§ EXERCISE AIM
Please reproduce exactly the lines from the start of the records through the one containing "Beyaz Lastikli Eşofman Altı Why are u Scared", and nothing more.

§ STORED DATA
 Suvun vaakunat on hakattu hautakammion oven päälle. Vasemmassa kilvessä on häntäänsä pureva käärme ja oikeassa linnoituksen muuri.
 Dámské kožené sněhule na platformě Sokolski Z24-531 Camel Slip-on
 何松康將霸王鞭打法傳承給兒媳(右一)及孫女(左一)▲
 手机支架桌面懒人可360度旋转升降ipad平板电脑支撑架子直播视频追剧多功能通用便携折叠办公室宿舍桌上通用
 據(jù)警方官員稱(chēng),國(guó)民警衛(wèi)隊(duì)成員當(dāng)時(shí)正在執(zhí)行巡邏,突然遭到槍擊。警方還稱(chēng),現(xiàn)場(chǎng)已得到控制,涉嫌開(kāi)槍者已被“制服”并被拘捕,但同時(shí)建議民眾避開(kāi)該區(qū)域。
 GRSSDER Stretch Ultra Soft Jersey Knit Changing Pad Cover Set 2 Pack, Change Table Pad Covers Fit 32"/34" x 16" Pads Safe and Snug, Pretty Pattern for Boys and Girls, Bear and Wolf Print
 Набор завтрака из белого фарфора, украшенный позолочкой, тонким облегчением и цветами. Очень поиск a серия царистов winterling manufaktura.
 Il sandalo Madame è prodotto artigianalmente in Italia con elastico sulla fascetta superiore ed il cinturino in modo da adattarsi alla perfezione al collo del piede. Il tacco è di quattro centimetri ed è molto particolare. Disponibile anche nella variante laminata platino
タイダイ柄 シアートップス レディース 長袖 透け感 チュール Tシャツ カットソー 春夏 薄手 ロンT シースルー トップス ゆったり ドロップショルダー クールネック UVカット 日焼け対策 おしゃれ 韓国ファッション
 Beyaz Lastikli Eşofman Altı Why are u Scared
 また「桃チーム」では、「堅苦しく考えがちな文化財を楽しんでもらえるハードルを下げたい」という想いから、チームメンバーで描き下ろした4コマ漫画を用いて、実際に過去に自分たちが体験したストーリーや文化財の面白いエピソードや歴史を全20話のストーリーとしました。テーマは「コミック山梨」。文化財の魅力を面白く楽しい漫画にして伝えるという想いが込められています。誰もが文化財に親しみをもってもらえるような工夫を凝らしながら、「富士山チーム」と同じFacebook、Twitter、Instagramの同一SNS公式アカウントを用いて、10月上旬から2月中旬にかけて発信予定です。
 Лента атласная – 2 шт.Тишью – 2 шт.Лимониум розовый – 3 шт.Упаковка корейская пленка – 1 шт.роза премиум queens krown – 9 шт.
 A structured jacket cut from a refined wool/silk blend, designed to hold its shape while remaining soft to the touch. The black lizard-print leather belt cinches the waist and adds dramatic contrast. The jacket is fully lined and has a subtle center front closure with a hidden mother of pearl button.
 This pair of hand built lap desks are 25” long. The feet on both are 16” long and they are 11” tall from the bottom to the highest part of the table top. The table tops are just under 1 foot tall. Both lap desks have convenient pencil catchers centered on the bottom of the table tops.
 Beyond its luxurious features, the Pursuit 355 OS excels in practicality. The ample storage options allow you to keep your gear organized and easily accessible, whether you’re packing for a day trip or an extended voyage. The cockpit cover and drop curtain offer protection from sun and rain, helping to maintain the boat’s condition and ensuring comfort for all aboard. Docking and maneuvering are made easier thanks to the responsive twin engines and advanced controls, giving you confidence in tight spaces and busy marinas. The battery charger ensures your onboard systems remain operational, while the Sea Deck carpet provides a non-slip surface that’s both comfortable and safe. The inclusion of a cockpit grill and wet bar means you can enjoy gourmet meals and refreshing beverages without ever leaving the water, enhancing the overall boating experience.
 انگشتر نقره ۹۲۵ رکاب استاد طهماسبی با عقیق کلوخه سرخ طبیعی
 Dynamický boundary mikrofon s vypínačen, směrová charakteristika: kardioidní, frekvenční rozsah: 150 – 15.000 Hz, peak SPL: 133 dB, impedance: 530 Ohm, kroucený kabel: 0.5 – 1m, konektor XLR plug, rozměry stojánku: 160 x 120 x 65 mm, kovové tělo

§ EXPECTED OUTPUT
 Suvun vaakunat on hakattu hautakammion oven päälle. Vasemmassa kilvessä on häntäänsä pureva käärme ja oikeassa linnoituksen muuri.
 Dámské kožené sněhule na platformě Sokolski Z24-531 Camel Slip-on
 何松康將霸王鞭打法傳承給兒媳(右一)及孫女(左一)▲
 手机支架桌面懒人可360度旋转升降ipad平板电脑支撑架子直播视频追剧多功能通用便携折叠办公室宿舍桌上通用
 據(jù)警方官員稱(chēng),國(guó)民警衛(wèi)隊(duì)成員當(dāng)時(shí)正在執(zhí)行巡邏,突然遭到槍擊。警方還稱(chēng),現(xiàn)場(chǎng)已得到控制,涉嫌開(kāi)槍者已被“制服”并被拘捕,但同時(shí)建議民眾避開(kāi)該區(qū)域。
 GRSSDER Stretch Ultra Soft Jersey Knit Changing Pad Cover Set 2 Pack, Change Table Pad Covers Fit 32"/34" x 16" Pads Safe and Snug, Pretty Pattern for Boys and Girls, Bear and Wolf Print
 Набор завтрака из белого фарфора, украшенный позолочкой, тонким облегчением и цветами. Очень поиск a серия царистов winterling manufaktura.
 Il sandalo Madame è prodotto artigianalmente in Italia con elastico sulla fascetta superiore ed il cinturino in modo da adattarsi alla perfezione al collo del piede. Il tacco è di quattro centimetri ed è molto particolare. Disponibile anche nella variante laminata platino
タイダイ柄 シアートップス レディース 長袖 透け感 チュール Tシャツ カットソー 春夏 薄手 ロンT シースルー トップス ゆったり ドロップショルダー クールネック UVカット 日焼け対策 おしゃれ 韓国ファッション
 Beyaz Lastikli Eşofman Altı Why are u Scared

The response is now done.